Quick install (recommended — official installer):
# Official v4 installer (runs required containers and setup)
curl -fsSL https://cdn.coollabs.io/coolify/install.sh | sudo bash
Notes on prerequisites and alternatives:
- The installer will detect Docker and required components; if you prefer manual setup, follow the repository/docker-compose manifest in the Coolify docs.
- For production, configure an external PostgreSQL database and S3-compatible storage instead of relying on embedded volumes.
Usage:
- Visit the Coolify web UI (default port configured by the installer) to finish setup and create the admin account.
- Deploy apps via Git, Docker image, or connected repos; Coolify manages TLS (Let’s Encrypt), environment variables, and basic scaling.
Cautions & best practices:
- Do not expose the management UI directly to the public internet — restrict access with firewall rules, VPN, or an auth proxy (OAuth, mTLS).
- Back up Coolify’s
dataand metadata (or use external DB/S3).

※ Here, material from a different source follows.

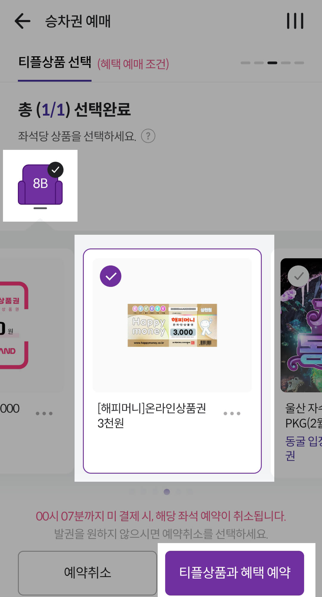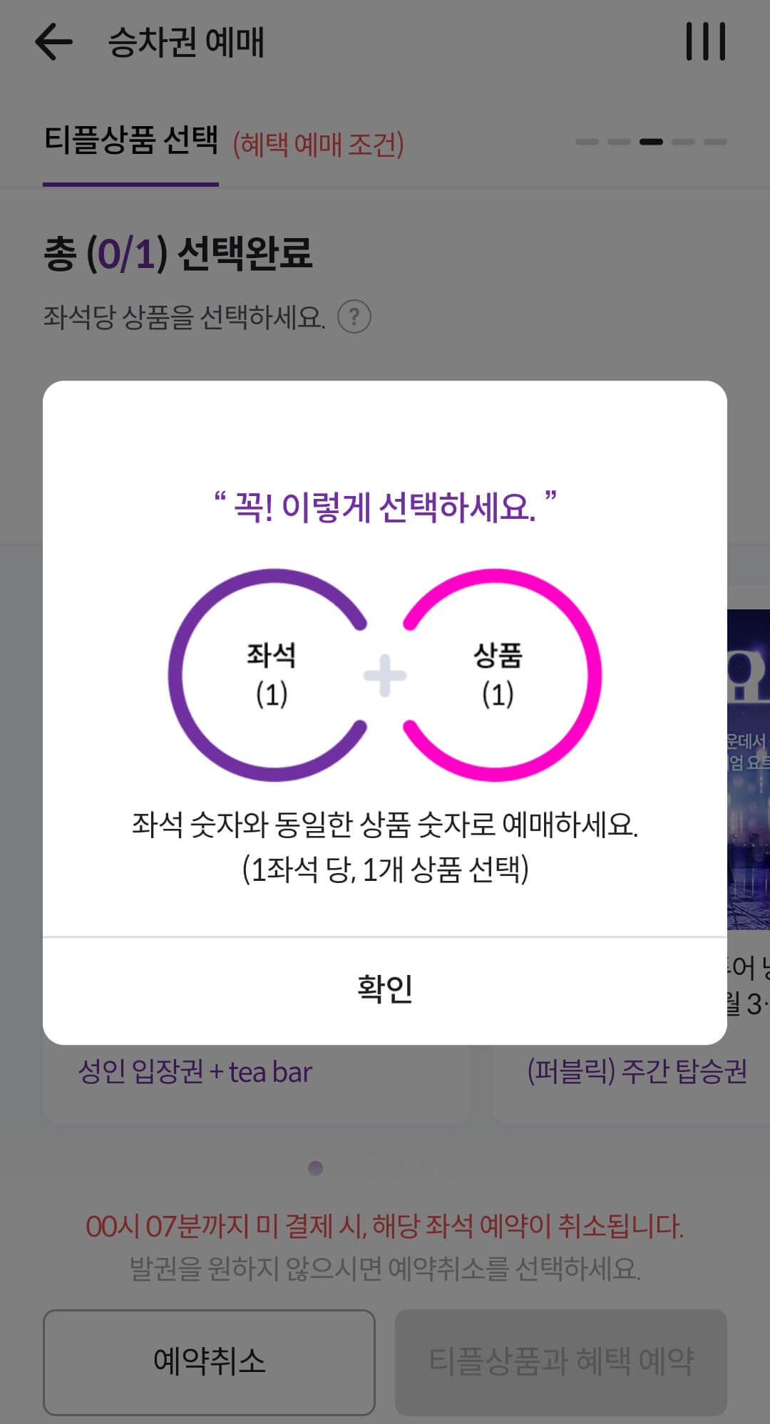 6. 좌석 + 티플상품 : 선택 시 좌석숫자와 동일한 상품 숫자로 예매할 것
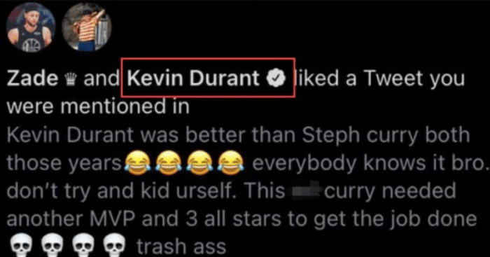JRS直播网讯 杜兰特除了是NBA超级巨星,他还是最接地气的球员,拥有很多绰号,“书包杜”,“民工杜”等。而杜兰特最喜欢在网上冲浪,他经常和球迷互动,而且言辞犀利,不经意间就让对手哑口无言,总结下来,杜兰特的怼人热点为:伤害性不大,侮辱性极强。

Regularly test restores. - Monitor resource usage; Coolify runs background workers and may need more than minimal VM specs for production workloads.
References and further reading:
- Official self-hosted docs and install guide: https://coolify.io/self-hosted
- GitHub repo: https://github.com/coollabsio/coolify
k3s (lightweight Kubernetes) — production-ready PaaS foundation
Install single-node k3s quickly:
curl -sfL https://get.k3s.io | sh -
# kubectl is available at /usr/local/bin/kubectl (or use k3s kubectl)
Basic app deploy:
kubectl create deployment myapp --image=myorg/myapp:latest
kubectl expose deployment myapp --type=NodePort --port=80 --target-port=3000
Ingress & TLS:
- Install Traefik (Helm chart bundled with k3s) or configure
ingress-nginxand cert-manager for Let’s Encrypt.
Cautions:
- k3s reduces K8s complexity but still requires operational knowledge: storage (Longhorn), backups (Velero), and RBAC.
- For single-node, there’s limited resilience — use multi-node clusters for production.
Management & backups:
- Back up etcd (or embedded datastore) and Kubernetes manifests. Use
kubectl get all -o yamland store images in a registry.
When to choose which:
- Dokku / Coolify: fastest for web apps and small teams; minimal infra work.
- k3s: when you need Kubernetes features, multi-service orchestration, and more control over networking and storage.
Final cautions for self-hosted PaaS:
- Plan for backups of app data and PaaS metadata (e.g., Dokku plugin databases, Coolify configs, k3s etcd).
- Monitor node resource usage; PaaS control planes can be noisy on small VMs.
- Secure CLIs and dashboard ports with firewall rules, VPNs or auth proxies.
🎯 Conclusion
This playbook now leads with a practical, ground-up runbook and follows with focused, reordered sections that prioritize action and clarity.